Staff of ELCA Witness in Society delivered the cards, along with a Living Lutheran article about the event, fact sheets on housing and homelessness, and invitations to visit ministries with neighbors struggling to find or keep a safe place to lay their heads. The Welcome Church in Philadelphia and Hot Metal Bridge Faith Community in Pittsburgh were two of the Pennsylvania ministries extending invitations.
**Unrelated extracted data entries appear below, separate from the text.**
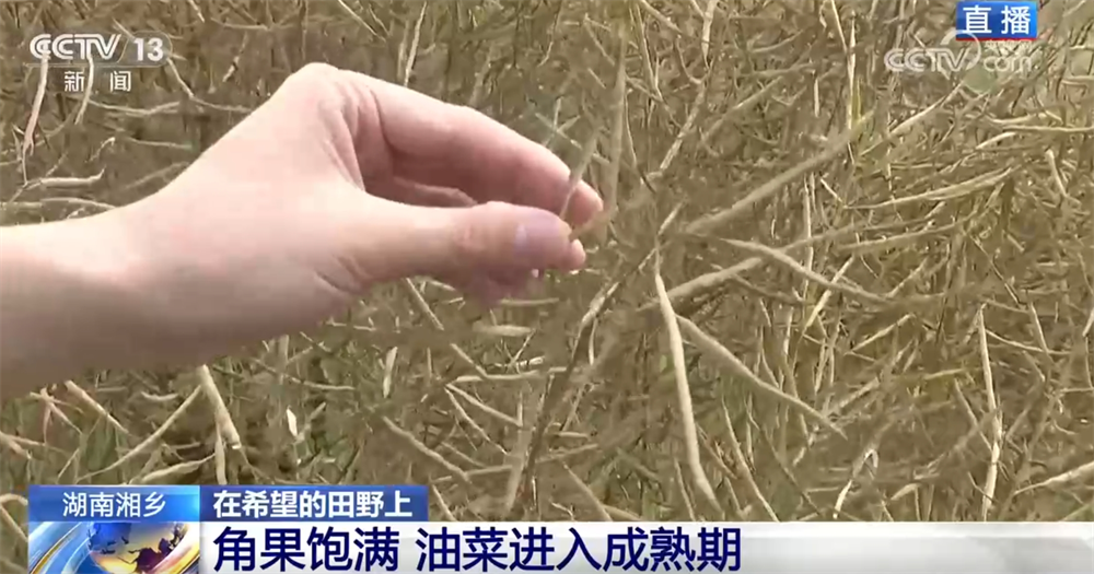 记者来到了湘潭湘乡市泉塘镇双江村,油菜现在长得怎么样了?油菜的顶端已经呈金黄色,角果很饱满,我们平时常说的油菜籽就藏在金黄色的角果里,这说明现在油菜已经进入成熟期了。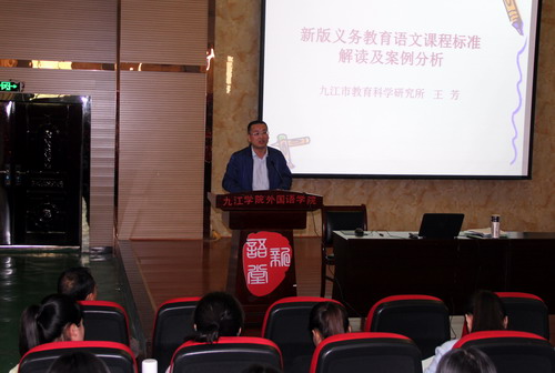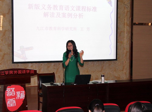 2016年江西省中小学教师资格考试的报名工作已经启动,为使同学们对新版义务教育语文课程标准有整体的掌握,对教师资格考试的面试环节有清晰的了解,同时为进一步加强永利yl23411集团官网承担语文教育专业授课的教师在课程设计方面与义务教育阶段语文教学之间的衔接,4月19日下午,九江市教育科学研究所语文教研员王芳应邀作客由教务处师范教育科和教师发展中心联合主办的九江学院第八期名师论坛活动,做了题为《新版义务教育语文课程标准解读及案例分析》的讲座,来自文传学院的教师代表、13级汉语言文学专业、14级语文教育专业全体学生共计两百余人聆听了讲座,活动由文传学院副院长周子渊主持。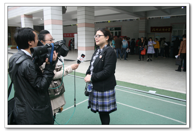 4月21日上午,我校招生办参加市教育局统一举办设在群众路小学的初招咨询会,俞继圣校长、朱之琳常务副校长到会接受家长的咨询,现场报名我校小学毕业生络绎不绝。朱校长接受了福建电视台教育频道记者的现场采访。
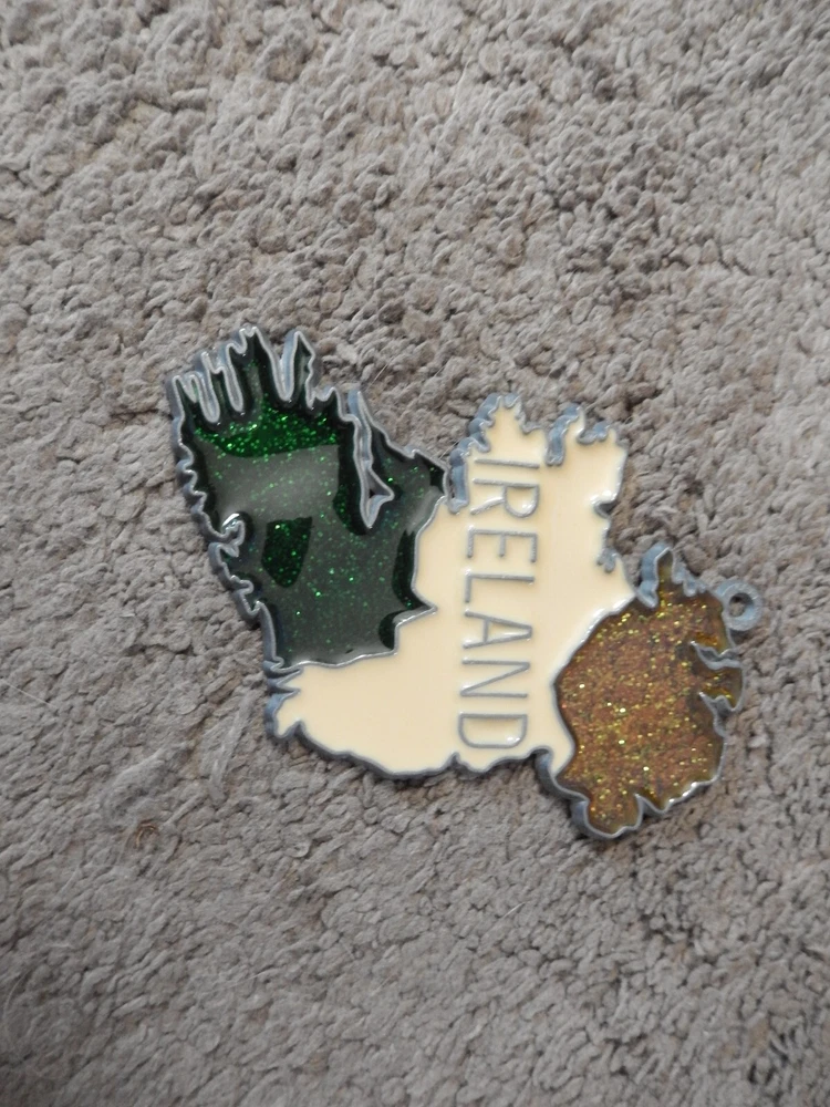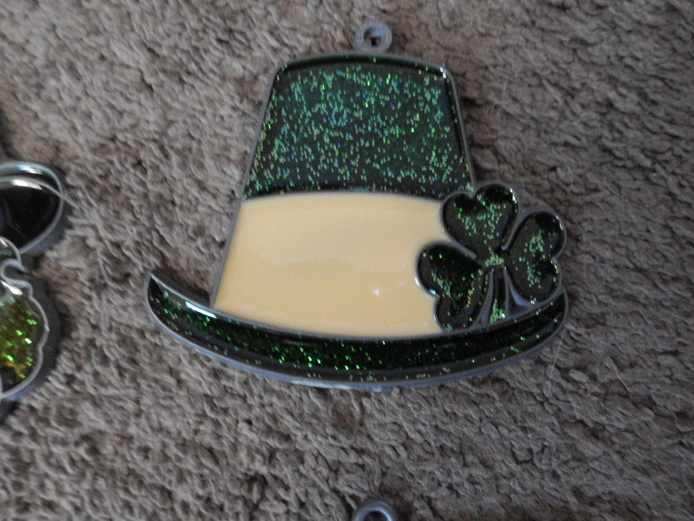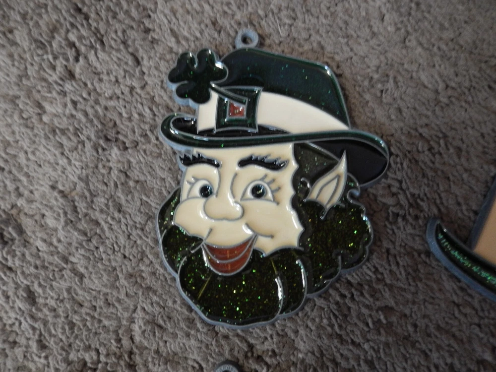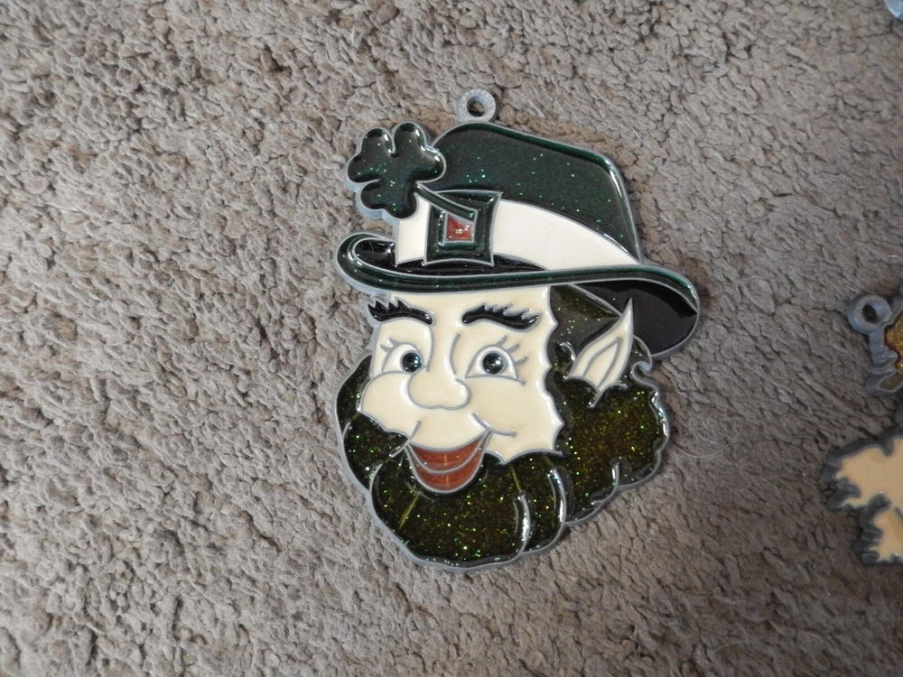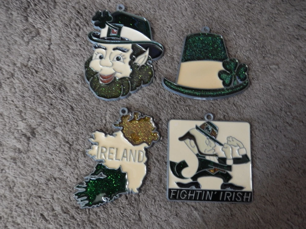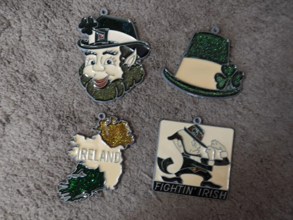 Add some vintage charm to your holiday decor with this set of four faux stained glass ornaments. These Irish-themed plastic sun catchers feature a lephrecaun, a lephrechaun hat, a map of Ireland, and a Notre Dame Fighting Irish ornament. all in less than 5 inches in height. The colorful multicolor designs are perfect for St. Patrick's Day or any occasion that calls for a touch of whimsy. Measuring at approx 4 inches in length, these medium-sized ornaments are sure to catch the eye of any visitor. Whether you're looking to decorate your home or add to your collection, these Irish-themed ornaments are a must-have. Celebrate the holiday season in style with these charming faux stained glass ornaments. THESE ORNAMENTS ARE IN EXCELLENT CONDITION, NO CHIPS, CRACKS, OR BREAKS. THEY ARE ALL GLITTERED IN SPOTS. THEY MEASURE BETWEEN 3'' AND 4'' IN LENGTH AND WIDTH. NICE GROUPING MESSAGE ANY OTHER QUESTIONS AND THANKS FOR LOOKING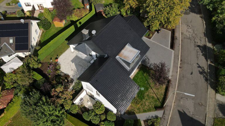 Selbst dreidimensionale Formen können optimal mit dem beständigen Naturmaterial gedeckt werden. Deshalb haben sich die Bauherren des Objekts im Oberbergischen Kreis erneut für Schiefer auf ihrem Dach entschieden – einerseits der Funktionalität und andererseits der Optik wegen.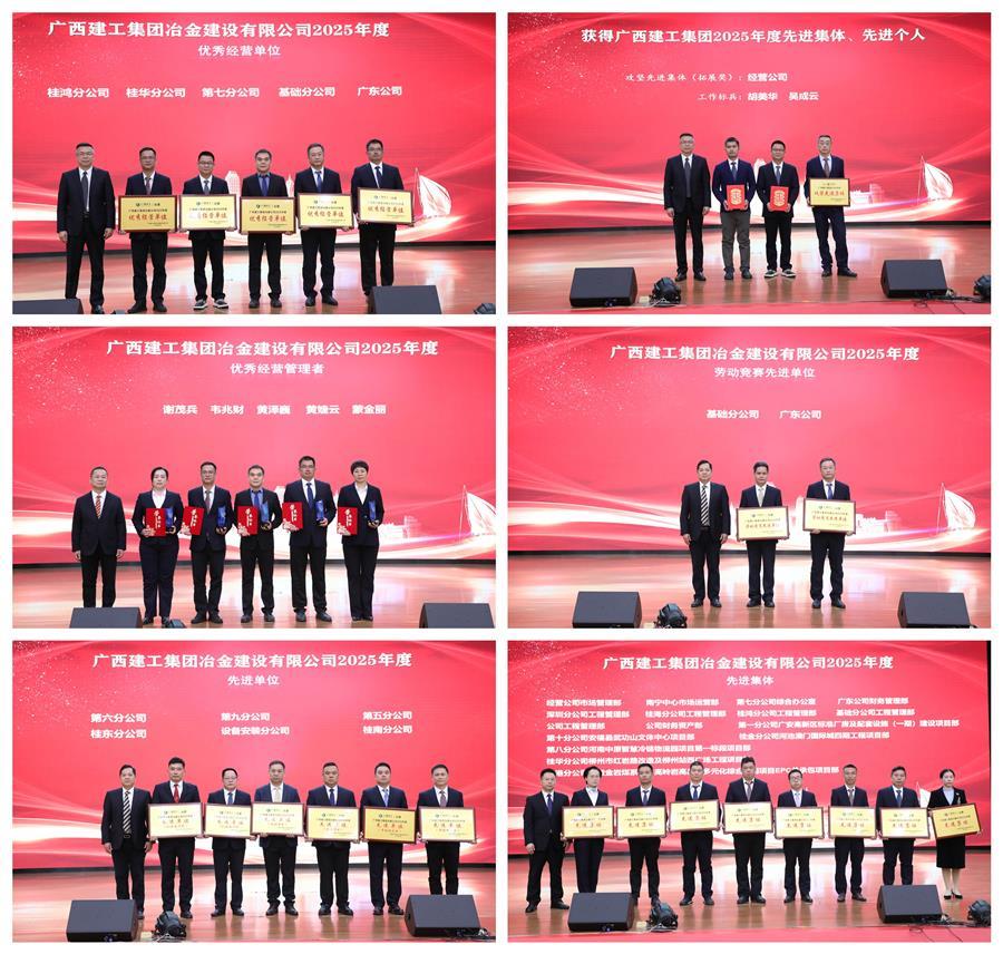 會上表彰了公司2025年度先進(jìn)單位、集體及個人,勞動競賽先進(jìn)單位、項目部及個人,優(yōu)質(zhì)工程、優(yōu)秀科技成果、安全文明標(biāo)準(zhǔn)化工地等。桂鴻分公司、桂華分公司、第七分公司、第一分公司等5家單位作經(jīng)驗(yàn)交流發(fā)言。

“The high cost of housing, volatility in the wider market, and lack of infrastructure investments are becoming some of the lead drivers of homelessness in our communities,” said Andrew Fuller, ELCA Program Director for Housing and Human Needs. “In many neighborhoods, our congregations and service ministries are struggling to meet demand as housing insecurity stretches their capacity to serve those of us in the greatest need. Lawmakers in Congress need to experience what our ministries are witnessing first-hand to better understand the root drivers of homelessness and the structural policy solutions that can help us meet this crisis.”

Fuller said site visits can deepen understanding, particularly for lawmakers who often do not know the full scale or emotional impact of the issues our communities are experiencing.

“As a form of witness and ministry, I could not more highly recommend inviting your own lawmakers to visit your volunteer services,” Fuller said. (Is your congregation engaged in ministry with those who have experienced homelessness or housing insecurity? To extend a site visit invitation, send a note to

“This is an opportunity for lawmakers to take abstract arguments and put them into real context,” said the Rev. Matthew Best, LAMPa Policy Council chair and an organizer of  December’s Homeless Remembrance Blanket Project.  “In a theological sense, it’s an opportunity to see how these issues are embodied in the lives of actual people, our neighbors.  These invitations are opportunities for lawmakers to encounter people who are unhoused, to meet them, to hear their stories and struggles, and then to take those back with them to the halls of power where they can do something to improve these people’s lives. That’s one way we can love our neighbor.”

ELCA state public policy offices around the country, including LAMPa, encouraged affiliated ministries in their states to extend an invitation to their member of Congress.  “It was a great opportunity to work as a team on an issue that affects all of our communities,”  said LAMPa Director Tracey DePasquale.

“It was good for us to be part of these nationwide invitations to Washington state members of Congress,” said Elise DeGooyer, Executive Director of Faith Action Network there.  “We know that homelessness and lack of affordable housing is a crisis across our nation that calls for new policy solutions. Faith communities have been caring for our unsheltered neighbors at their doorsteps for a long time. Faith Action Network is grateful for the chance to join ELCA Advocacy and Lutheran churches in lifting up our beloved neighbors’ experiences to inform the policies that impact them. As constituents actively addressing housing-insecurity, we welcome our Congress members to our churches to witness the experiences of our neighbors most in need and to discuss effective strategies to help address this growing crisis.”

Solveig Muus, Director of Lutheran Advocacy Ministry in Arizona, was especially eager to participate, as someone actively engaged in her own congregation’s ministry with those experiencing homelessness.

“We were pleased that the Homeless Remembrance Blanket Project last December brought much needed attention to the plight of our neighbors experiencing homelessness in our nation, and Lord willing, the Washington Post’s coverage of the event reached our leaders in Washington,” said Muus.  “The need for low cost housing continues to be an issue nearly every city talks about, but not many are able to affect systemic change. They say talk is cheap, right? It’s time for action! That’s why I was delighted that the ELCA participated in the blanket project, and invited our synods to get involved. Four of our congregations in the Grand Canyon Synod extended invitations ~ hand delivered by our ELCA staff! ~ to three Arizona congressmen to visit their ministries serving folks on the streets. I expect they’re busy, but I really hope they come to talk with us, and see the good work, because change happens through relationships and mutual understanding.”